Memory Efficient Pipeline-Parallel DNN Training
1 minute read ∼ Filed in : A paper noteIntroduction
Goal
This paper tries to improve the throughput and reduce the memory footprint in pipeline-parallel training.
Gap
Training large models using limited memory is necessary, and two approaches to solve it have some limitations.
- Model parallel training: Low throughput due to low resource utilization (partition by layer) & high communication cost (partition by tensor) in good scaling.
- Pipelined training: Naive pipelining harm the performance due to weight version inconsistency. & multiple versioned weight increases memory usage.
Challenge
- It’s challenging to train efficiently using a low memory footprint and providing high throughput.
- The performance of the pipeline-parallel system is dependent on how DNN is partitioned over workers. And this is challenging because:
- Memory capacity constraints: parameters & intermediate activations.
- Heterogeneous Network Interconnects:
- Splitting an operator graph becomes computationally expensive.
Design
The fundamental techniques to ensure low memory usage and high throughput.

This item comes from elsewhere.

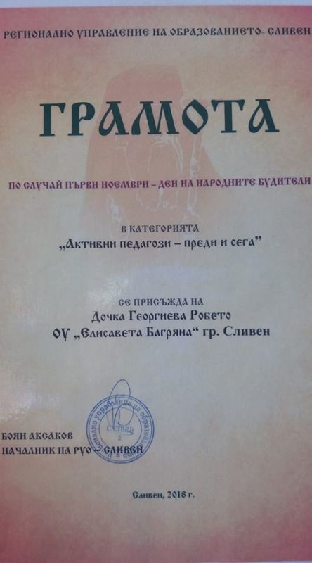 Г-жа Дочка Робето е носителят на наградата "Софроний Врачански" за 2018 година в категория "Активни педагози - преди и сега". Тя е дългогодишен учител в ОУ "Елисавета Багряна". През тази година заслужено излезе в пенсия.

Double-buffered Weight Update
For multiple micro-batch, the system uses the same weight in their F/B pass, thus getting multiple gradients.

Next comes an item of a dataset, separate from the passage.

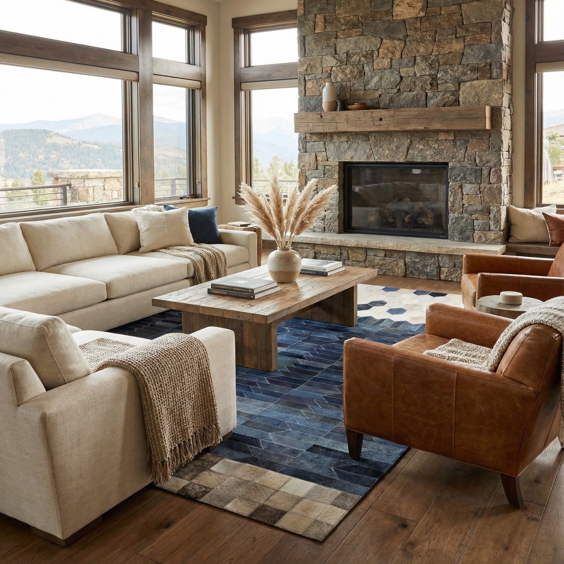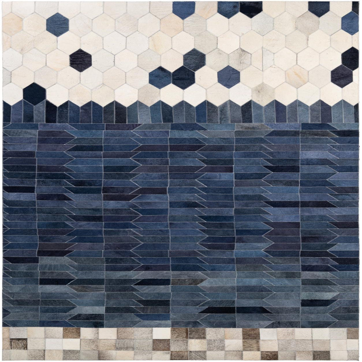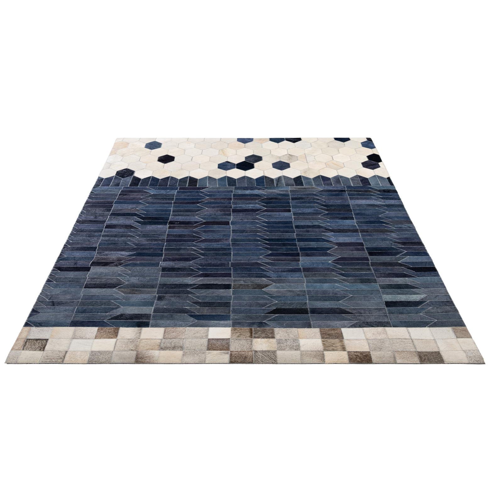 A 5x8 rectangular Cowhide - Patchwork rug featuring a modern geometric pattern in shades of blue, white, and brown.

Once the number of micro-batch reaches a threshold, the weights are accumulated, averaged, and applied to form a new weight version.
But, the new weights cannot be used in backward pass to update immediately because the old version of weight may be used by some micro-batch in forward already.
Thus, the system can maintain at most two versions.
Flush mechanisms
Periodic pipeline flushes to ensure consistent weight versions across weight updates.
Auto-partition planner
The partition planner tries to determine the best partition policy for optimal performance.
It decides the model partitioning, batch size, and whether to use memory-saving optimizations like activation recomputations.
Evaluation
Compare the quality of convergence, throughput, memory usage, and plan decisions.